Saturday, 28 September 2013

Spinster? Me?

Every day I feel like everyone around me is doing exciting things and growing up and I'm still getting to grips with how to use a washing machine.
Okay, let me explain myself.
So in my church, there is kind of this unspoken thing where it's super normal to get married really young. I'm 18 and it's kind of weird that I'm not talking about getting married, let alone the fact that I don't have a boyfriend. I think there are... 3 girls my age without other halves in church, though both of the other two are at uni, so I guess I'm the only one. There are a few single boys, but they're all hopeless around girls, bless them. I mean they're all catches, but they don't seem to realise it. I digress.
Now don't misunderstand, I don't mind that I don't have a boyfriend. In normal person terms, I am young and there are things that I'd like the opportunity to do before I settle down, but my point is that it's weird that that's weird.
This has come to my attention because one of my friends that I work with has just got engaged (and I'm so happy for her!), and honestly I feel like I'm too young for this to be happening to people my age. Life is steaming on ahead and I'm barely aware of it.
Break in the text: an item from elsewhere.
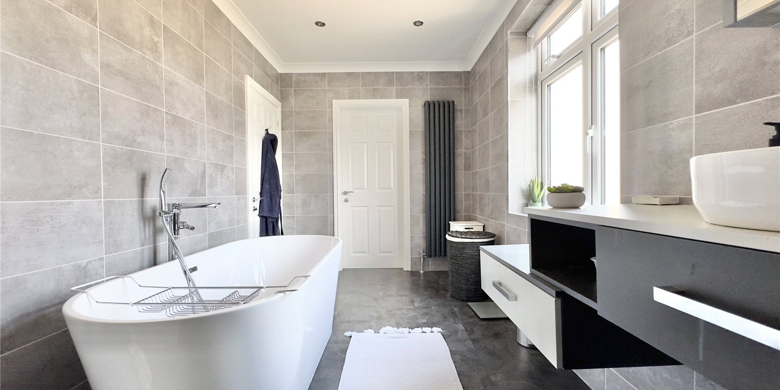 To the first floor, three double-bedrooms, two connected by a "Jack & Jill" en-suite, and a family bathroom which is also connected to the master bedroom. The family bathroom is finished to a beautiful standard, with free-standing bath, and a walk-in waterfall shower.

Of course, if I look at it, then I am moving with it, I've finished education (for now), I have two jobs, one of which is practically running a church, I can drive, and I'm pretty much self sufficient. I mean, I pay for petrol and go food shopping, so I guess I can no longer hold on to the belief that I am twelve years old, no matter how much I'd like to.
This blog post, I'm aware, is very badly written, and to be honest it is more of a stream of consciousness being pushed from my brain through my fingers as I sit here watching PotC.